== Data shown ==

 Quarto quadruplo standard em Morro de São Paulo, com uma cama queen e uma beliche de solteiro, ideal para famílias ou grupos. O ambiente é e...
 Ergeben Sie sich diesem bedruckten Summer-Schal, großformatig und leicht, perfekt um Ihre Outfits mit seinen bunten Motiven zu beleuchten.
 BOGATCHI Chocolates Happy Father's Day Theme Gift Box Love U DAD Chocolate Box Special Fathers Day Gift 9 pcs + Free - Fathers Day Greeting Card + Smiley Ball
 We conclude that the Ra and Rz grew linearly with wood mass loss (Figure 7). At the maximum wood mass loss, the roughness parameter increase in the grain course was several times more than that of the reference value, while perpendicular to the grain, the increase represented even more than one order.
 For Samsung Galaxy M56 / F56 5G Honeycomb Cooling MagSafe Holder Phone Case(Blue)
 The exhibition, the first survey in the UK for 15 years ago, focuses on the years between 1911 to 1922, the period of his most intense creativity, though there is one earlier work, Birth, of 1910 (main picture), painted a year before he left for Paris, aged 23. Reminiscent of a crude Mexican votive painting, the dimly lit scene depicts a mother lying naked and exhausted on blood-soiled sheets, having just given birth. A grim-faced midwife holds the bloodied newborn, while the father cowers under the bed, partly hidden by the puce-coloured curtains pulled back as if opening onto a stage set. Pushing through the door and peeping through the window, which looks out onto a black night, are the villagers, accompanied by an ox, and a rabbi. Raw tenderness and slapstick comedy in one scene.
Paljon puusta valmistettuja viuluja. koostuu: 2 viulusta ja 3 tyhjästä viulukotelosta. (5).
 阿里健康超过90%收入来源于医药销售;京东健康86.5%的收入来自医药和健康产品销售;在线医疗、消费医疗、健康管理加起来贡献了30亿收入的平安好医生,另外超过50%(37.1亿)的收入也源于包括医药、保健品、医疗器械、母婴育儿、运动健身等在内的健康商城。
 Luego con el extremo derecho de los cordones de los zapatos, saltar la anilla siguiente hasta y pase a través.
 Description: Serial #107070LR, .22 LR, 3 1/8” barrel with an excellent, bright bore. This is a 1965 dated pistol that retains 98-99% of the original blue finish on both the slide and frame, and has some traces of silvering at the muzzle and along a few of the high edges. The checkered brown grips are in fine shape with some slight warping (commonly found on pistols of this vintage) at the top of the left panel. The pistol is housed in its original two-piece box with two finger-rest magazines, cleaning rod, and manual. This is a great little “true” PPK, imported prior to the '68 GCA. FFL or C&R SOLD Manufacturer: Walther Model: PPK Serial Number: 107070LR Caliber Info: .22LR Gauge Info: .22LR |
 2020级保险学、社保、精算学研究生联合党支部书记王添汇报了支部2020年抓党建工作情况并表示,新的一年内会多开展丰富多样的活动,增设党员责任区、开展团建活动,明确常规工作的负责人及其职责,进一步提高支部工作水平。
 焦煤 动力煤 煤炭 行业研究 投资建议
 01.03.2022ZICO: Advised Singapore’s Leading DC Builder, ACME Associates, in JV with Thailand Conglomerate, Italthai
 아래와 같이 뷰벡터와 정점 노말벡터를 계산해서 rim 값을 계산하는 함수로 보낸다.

===

Above are the records; retype them all without a single difference.

— Completed task —
 Quarto quadruplo standard em Morro de São Paulo, com uma cama queen e uma beliche de solteiro, ideal para famílias ou grupos. O ambiente é e...
 Ergeben Sie sich diesem bedruckten Summer-Schal, großformatig und leicht, perfekt um Ihre Outfits mit seinen bunten Motiven zu beleuchten.
 BOGATCHI Chocolates Happy Father's Day Theme Gift Box Love U DAD Chocolate Box Special Fathers Day Gift 9 pcs + Free - Fathers Day Greeting Card + Smiley Ball
 We conclude that the Ra and Rz grew linearly with wood mass loss (Figure 7). At the maximum wood mass loss, the roughness parameter increase in the grain course was several times more than that of the reference value, while perpendicular to the grain, the increase represented even more than one order.
 For Samsung Galaxy M56 / F56 5G Honeycomb Cooling MagSafe Holder Phone Case(Blue)
 The exhibition, the first survey in the UK for 15 years ago, focuses on the years between 1911 to 1922, the period of his most intense creativity, though there is one earlier work, Birth, of 1910 (main picture), painted a year before he left for Paris, aged 23. Reminiscent of a crude Mexican votive painting, the dimly lit scene depicts a mother lying naked and exhausted on blood-soiled sheets, having just given birth. A grim-faced midwife holds the bloodied newborn, while the father cowers under the bed, partly hidden by the puce-coloured curtains pulled back as if opening onto a stage set. Pushing through the door and peeping through the window, which looks out onto a black night, are the villagers, accompanied by an ox, and a rabbi. Raw tenderness and slapstick comedy in one scene.
Paljon puusta valmistettuja viuluja. koostuu: 2 viulusta ja 3 tyhjästä viulukotelosta. (5).
 阿里健康超过90%收入来源于医药销售;京东健康86.5%的收入来自医药和健康产品销售;在线医疗、消费医疗、健康管理加起来贡献了30亿收入的平安好医生,另外超过50%(37.1亿)的收入也源于包括医药、保健品、医疗器械、母婴育儿、运动健身等在内的健康商城。
 Luego con el extremo derecho de los cordones de los zapatos, saltar la anilla siguiente hasta y pase a través.
 Description: Serial #107070LR, .22 LR, 3 1/8” barrel with an excellent, bright bore. This is a 1965 dated pistol that retains 98-99% of the original blue finish on both the slide and frame, and has some traces of silvering at the muzzle and along a few of the high edges. The checkered brown grips are in fine shape with some slight warping (commonly found on pistols of this vintage) at the top of the left panel. The pistol is housed in its original two-piece box with two finger-rest magazines, cleaning rod, and manual. This is a great little “true” PPK, imported prior to the '68 GCA. FFL or C&R SOLD Manufacturer: Walther Model: PPK Serial Number: 107070LR Caliber Info: .22LR Gauge Info: .22LR |
 2020级保险学、社保、精算学研究生联合党支部书记王添汇报了支部2020年抓党建工作情况并表示,新的一年内会多开展丰富多样的活动,增设党员责任区、开展团建活动,明确常规工作的负责人及其职责,进一步提高支部工作水平。
 焦煤 动力煤 煤炭 行业研究 投资建议
 01.03.2022ZICO: Advised Singapore’s Leading DC Builder, ACME Associates, in JV with Thailand Conglomerate, Italthai
 아래와 같이 뷰벡터와 정점 노말벡터를 계산해서 rim 값을 계산하는 함수로 보낸다.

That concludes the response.